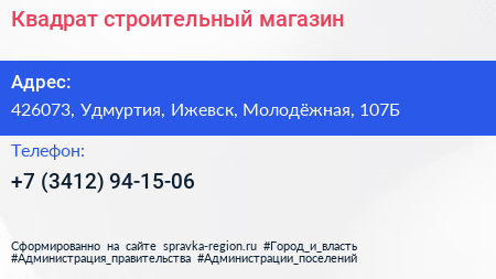 Квадрат, строительный магазин по адресу 426073, Удмуртия, Ижевск, Молодёжная, 107Б в дальнейшем Организация, размещена в следующих категориях:
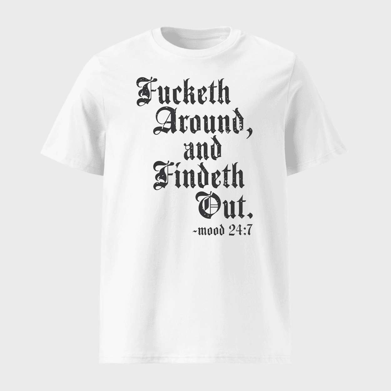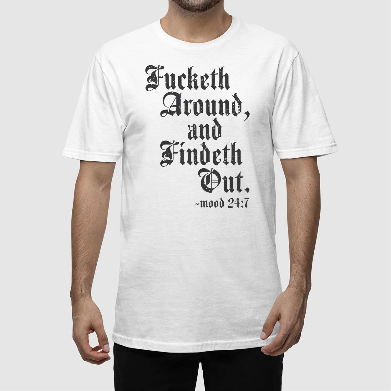 This shirt reimagines a modern phrase with medieval flair, quoting “Fucketh Around, and Findeth Out” as if from sacred text. The Gothic lettering and “Mood 24:7” citation parody biblical verse, turning everyday defiance into a timeless declaration of consequence.
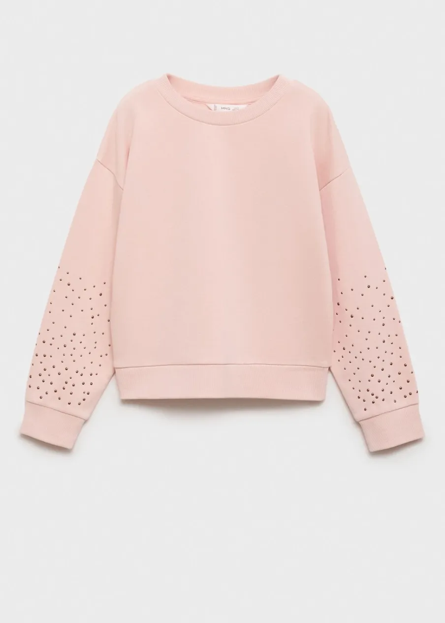 Długi rękaw. Okrągły dekolt. Bawełna 100%. Detal z koralikami.
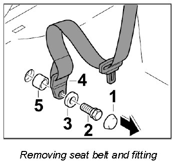 2. Unscrew fastening screw -2-. Remove washer -3-, seat belt mount -4- and spacer sleeve -5-.
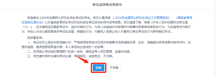 考生诚信承诺书,点击“同意”
______________________________
Reproduce exactly, with every picture left out, the lines from the one that contains "Długi rękaw. Okrągły" to the final line of the records above.

- WRITTEN RESPONSE
 Długi rękaw. Okrągły dekolt. Bawełna 100%. Detal z koralikami.
 2. Unscrew fastening screw -2-. Remove washer -3-, seat belt mount -4- and spacer sleeve -5-.
 考生诚信承诺书,点击“同意”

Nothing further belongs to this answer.